• _DATA SHOWN_
----------

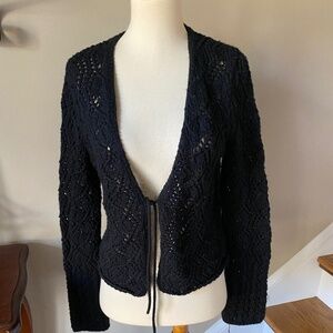 Vintyage The Limited Black Hand Knit Crochet Cardigan Sweater Size M
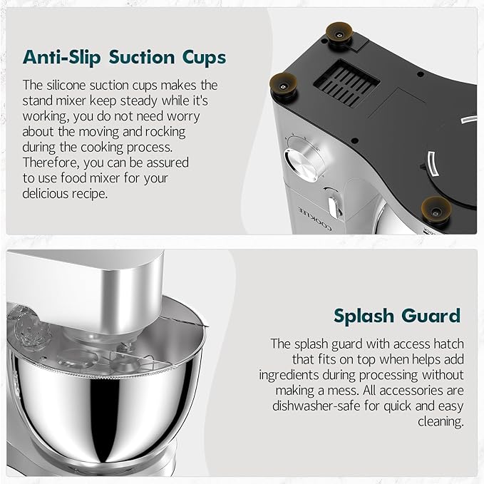 - 9.5-QUART HIGH CAPACITY - Large stainless steel mixing bowl offers enough capacity. Each COOKLEE kitchen Electric mixer comes with a dough hook, flat beater, wire whip, and pouring shield avoiding mess kneading process.
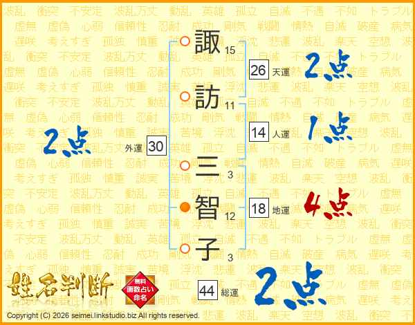 諏訪三智子さんの総運は44画の2点!

----------

• _TASK INSTRUCTIONS_
Repeat the listing above word for word. Do not include the pictures.

• _SOLUTION FOR THIS EXERCISE_
 Vintyage The Limited Black Hand Knit Crochet Cardigan Sweater Size M
 - 9.5-QUART HIGH CAPACITY - Large stainless steel mixing bowl offers enough capacity. Each COOKLEE kitchen Electric mixer comes with a dough hook, flat beater, wire whip, and pouring shield avoiding mess kneading process.
 諏訪三智子さんの総運は44画の2点!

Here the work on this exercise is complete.